Dr. Paul Dhillon


General Practice.

That in reality is the beauty of being just a GP. There is no other field that allows you to so seamlessly to mesh your practice patterns, skills and life course with a profession that is second to none for it’s variety and the fullfillment that it can bring.

I always knew I was going to be a generalist but I had no idea when I started on that hamster wheel of undergrad, medical school, and finally residency of where it would take me. To quote a more famous Dr. “Oh, the Places You Go!”

My practice now encompasses rural and remote medicine in Canada and has taken me to many small towns across rural Saskatchewan, the Northwest Territories, and British Columbia. I have delivered babies, removed fish hooks, done emergency fasicotomies, and stopped a siezure or two and helped people to acheive a happy and pain free death in their final moments on this year. That could all happen in one weekend or over the course of years. You really never know what is going to walk into your office or into the Emergency Room.

I have always had a passion for global health and being a very general practicioner I felt comfortable volunteering for the Ebola response in Sierra Leone during the most recent epidemic in West Africa. After some further training in Tropical Medicine and Disaster Medicine I ventured over to Freetown over a 6 week period and was able to use my skills to help an incredible team of international and local health care professionals and medical students in training bring the death rates down and do our little bit to end the epidemic. I know many medical students have a passion for international health and training as a GP allows you to be very flexible in your travels and work throughout your life.

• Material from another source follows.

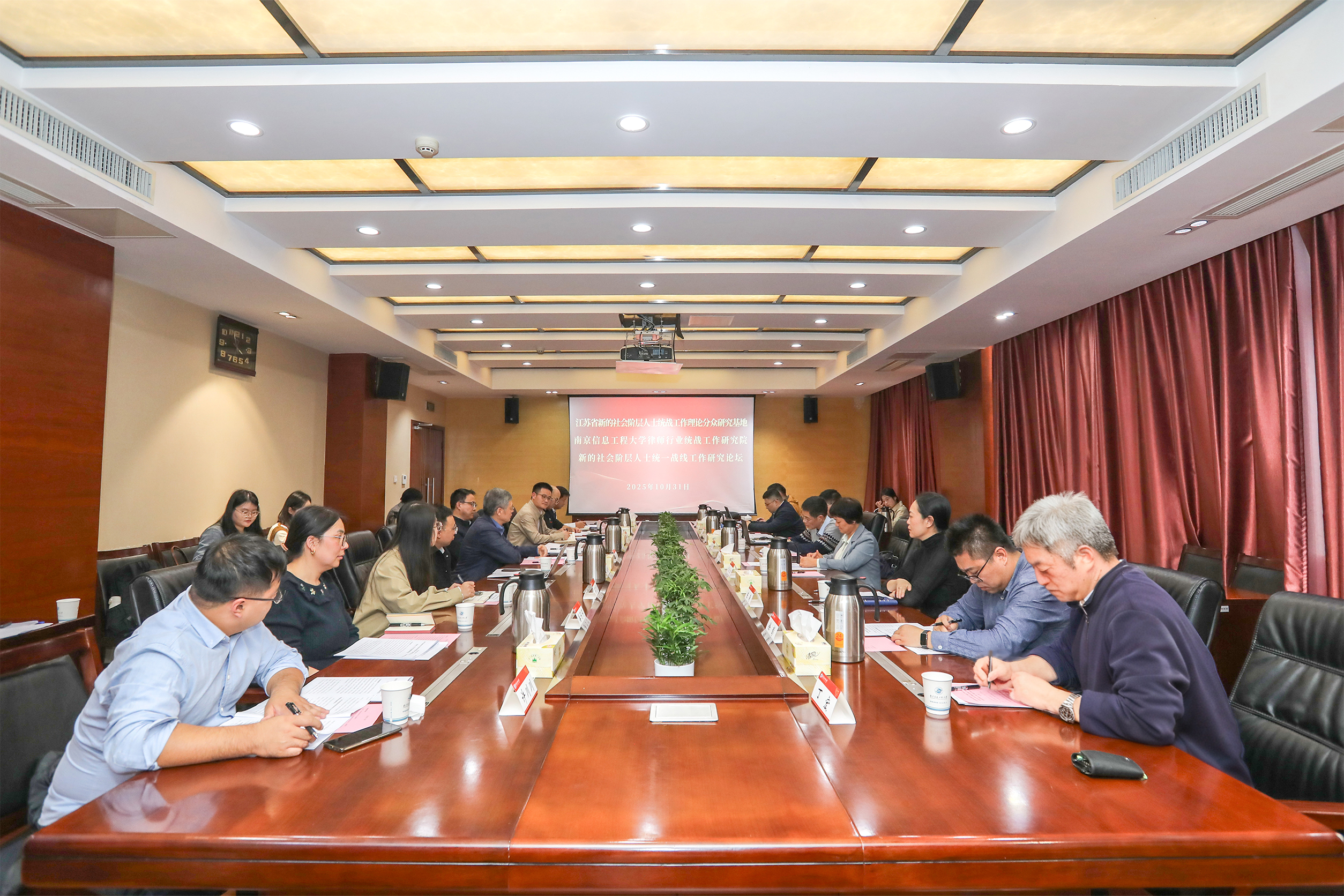 10月31日,由中国统一战线理论研究会新的社会阶层人士统战工作理论研究基地、江苏省新的社会阶层人士统战工作理论分众研究基地(律师行业统战工作研究院)联合主办的“新时代新的社会阶层人士价值引领与统战理论创新”研究论坛在我校举办。校党委常委、副校长朱大梅,全国政协委员、省新的社会阶层人士联谊会会长魏青松,研究基地学术委员会主任、南京财经大学正校级领导焦富民,省委统战部研究室三级调研员孙风华等出席。基地特聘研究员、学校相关职能部门、学院负责人参加论坛。论坛由我校党委常委、党委统战部部长陈涛主持。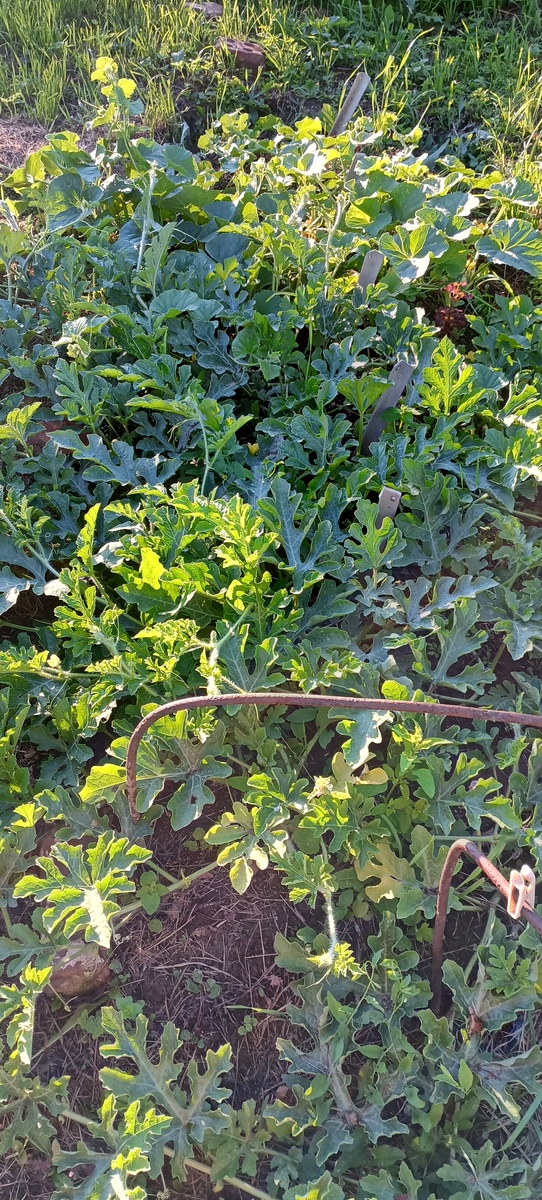 2024 год третий год как я сажаю дыни и арбузы, в первый не выросло ничего, во второй несколько дынь и малюсенький арбуз. И вот сегодня приехала на дачу, а там, первый арбузик. В этом году арбузы у меня растут в открытом грунте, Хотела выращивать их под пленкой, но погода пока хорошая, растут так, сами, как хотят. Проблема у меня была с рассадой. Из моей выжили только один "Бедуин" и два "Подмосковный Чарльстон". И ещё пока не пойму для себя в какие сроки лучше сажать на рассаду. На майские праздники привезла рассаду на дачу и оставила в доме, конечно ей было холодно, большинство погибло. Еще два арбуза купила на рынке, сорт "Пекинская радость" как сказал продавец. В прошлом году такого размера арбузик у меня был только в начале августа. Сейчас ещё много маленьких завязей, буду ждать, какие опылились. Арбузы только поливаю, ни чем не подкармливаю. Тут же с арбузами посадила дыню "Злато Скифов". С рассадой дынь получилось получше, хотя , так же как и арбузы, она у меня остава

Another passion I have is military medicine and as a Reservist Medical Officer I have been lucky enough to provide medical care to the soldiers that form our Canadian Armed Forces. Unique opportunities in Aerospace Medicine, Flight Medicine, and Dive medicine await you if you decide to join the military. If you want to be an astronaut then GP is the way to go! Opportunities to learn about austere medicine and to perhaps work in the high arctic like I have in Resolute Bay or to deploy to distinct operating environments around the world await you.

In the end life is all about stories, some of which I collected in a book entitled ‘The Surprising Lives of Small Town Doctors”.

In summary. No other field allows such diverse practice in so many distinct environments and the flexibility to allow your work to match your own operational tempo as you flow through life with all it’s ebbs and flows.